Eu tenho uma doce amiga chamada Kate. Kate tem deficiência intelectual e faz joias para uma empresa sem fins lucrativos de apoio às mulheres. Uma tarde, Kate, que participava de um programa de liderança da Young Life para pessoas com deficiência, estava sobrecarregada com sua carga de trabalho de fabricação de joias; foi quando ela se lembrou de um princípio de seu programa de liderança. “Eclesiastes 4:9 nos lembra que dois são melhores do que um”, Kate me disse mais tarde. “Eu sabia que não conseguiria fazer meu trabalho sozinho naquele dia, então disse aos meus colegas de trabalho: ‘Senhoras, estou sobrecarregado, mas sei que duas pessoas são melhores do que uma. Vocês podem me ajudar?'”

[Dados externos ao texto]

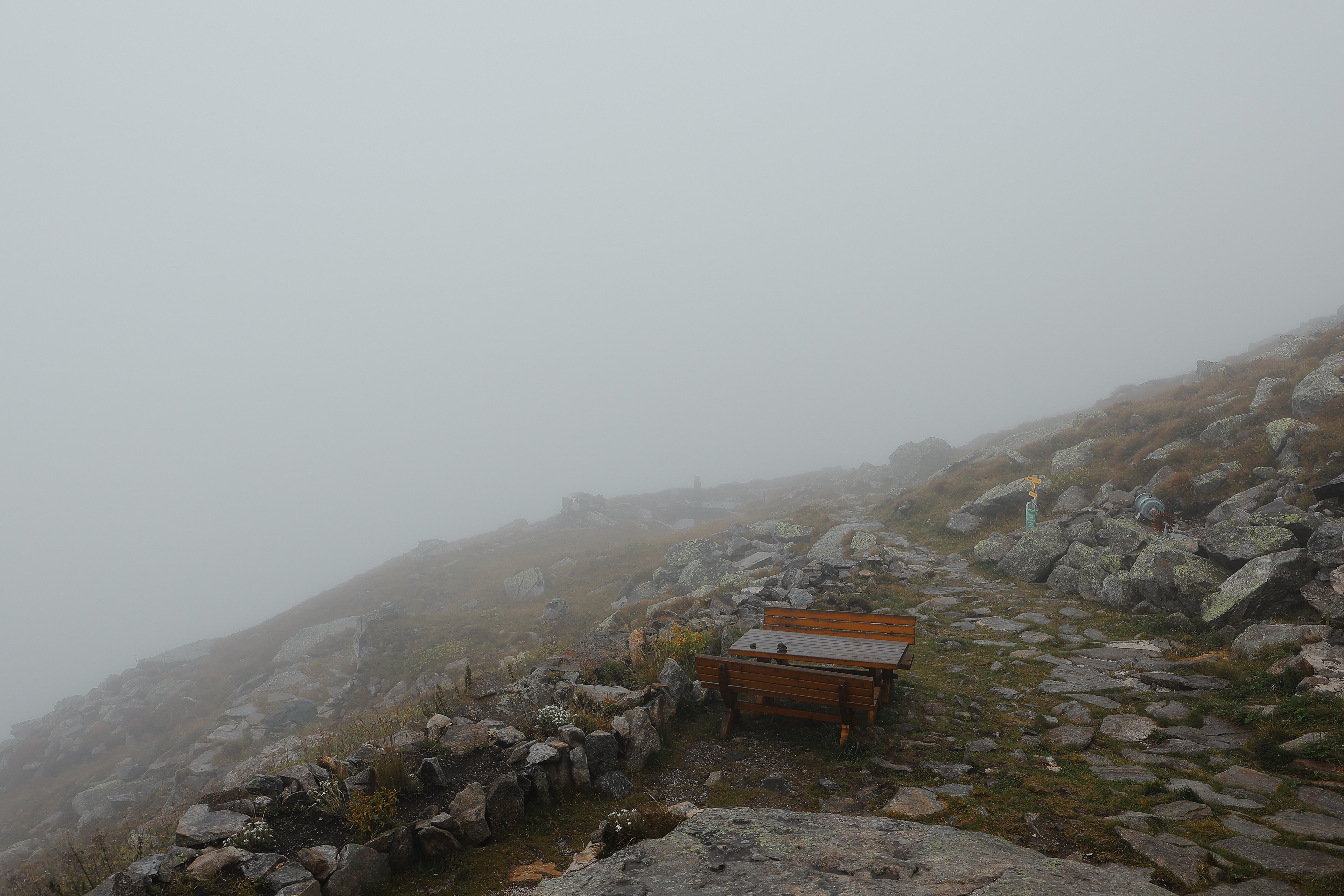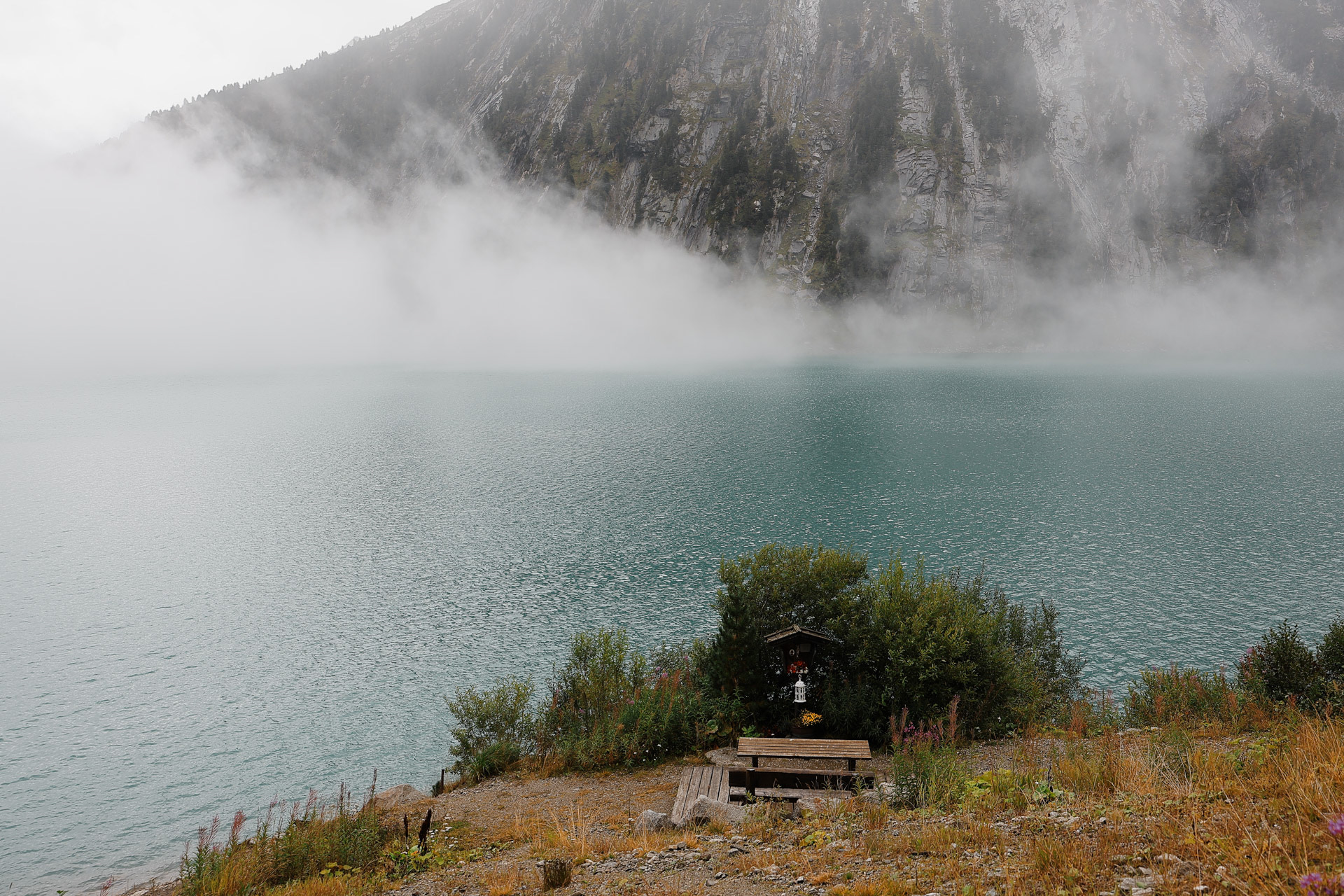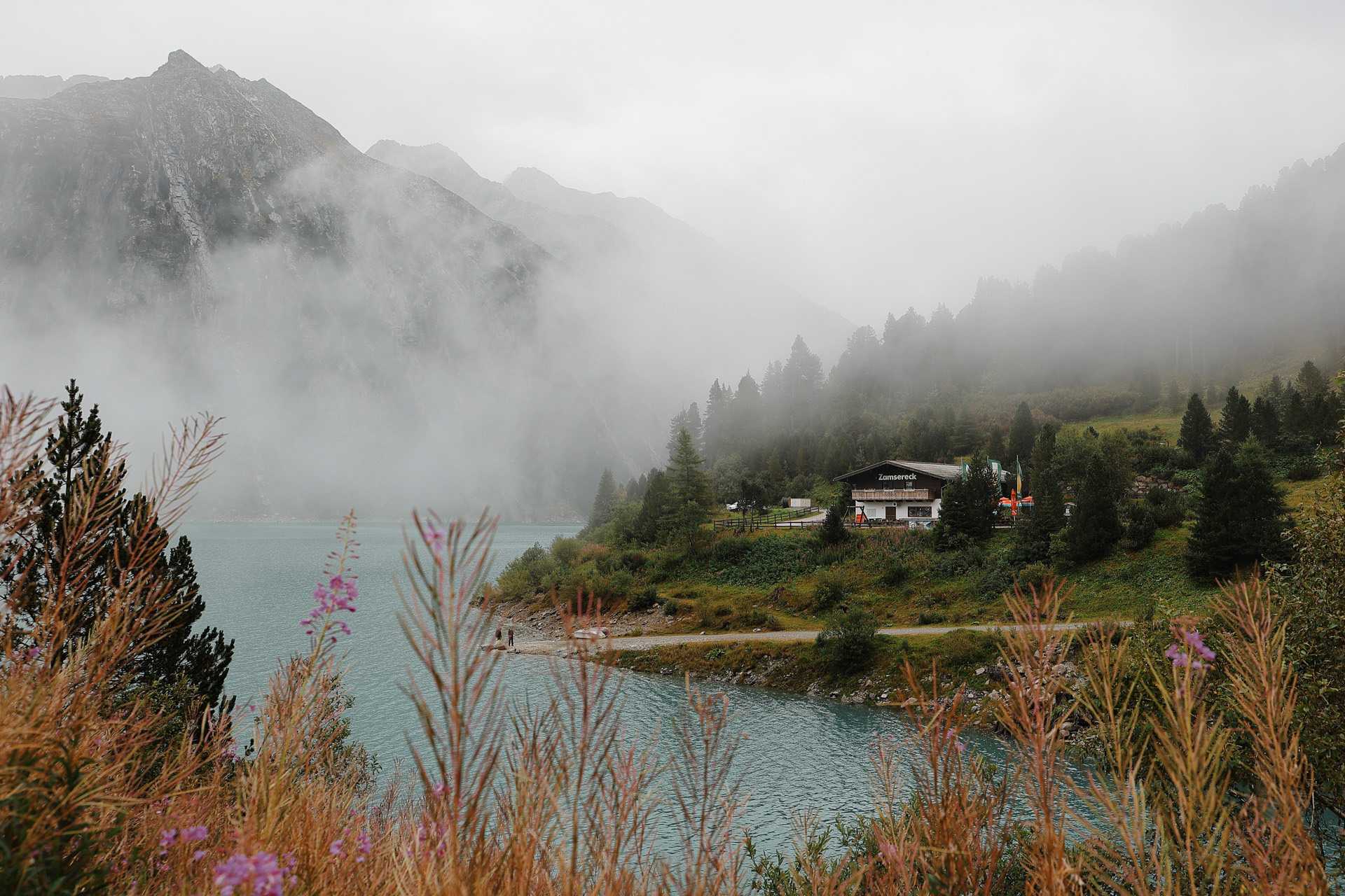 Fog and clouds in the back, a couple at the dock, fireweed in the foreground, and Zamsereck, a restaurant in the middle. I was surprised that there were not more people at the Schlegeisspeicher since the bus was so packed on Day 1 but perhaps the rain and clouds dissuaded them. We had no choice though.

Claro, as outras mulheres se reuniram para Kate, ajudaram-na a terminar seu trabalho e então o grupo trabalhou em pares para terminar o produto de todos naquele dia.
Essa história me lembra que precisamos uns dos outros. Cada um de nós tem algo a oferecer nos relacionamentos. Da mesma forma, a Igreja é chamada a apoiar e relacionar-se com as pessoas com deficiência, assim como essas pessoas com deficiência são chamadas a oferecer seus dons e talentos como membros comprometidos da Igreja.
Vamos nos esforçar para nos unir como crentes para apoiar aqueles que têm deficiências. Vamos caminhar ao lado de suas famílias em relacionamento ao longo da vida. E vamos sair de um lugar de “apenas ser legal” para um lugar onde percebemos que precisamos desses indivíduos e suas famílias caminhando ao nosso lado também no relacionamento.
Refletimos melhor o coração do Pai quando todos têm um lugar no banco.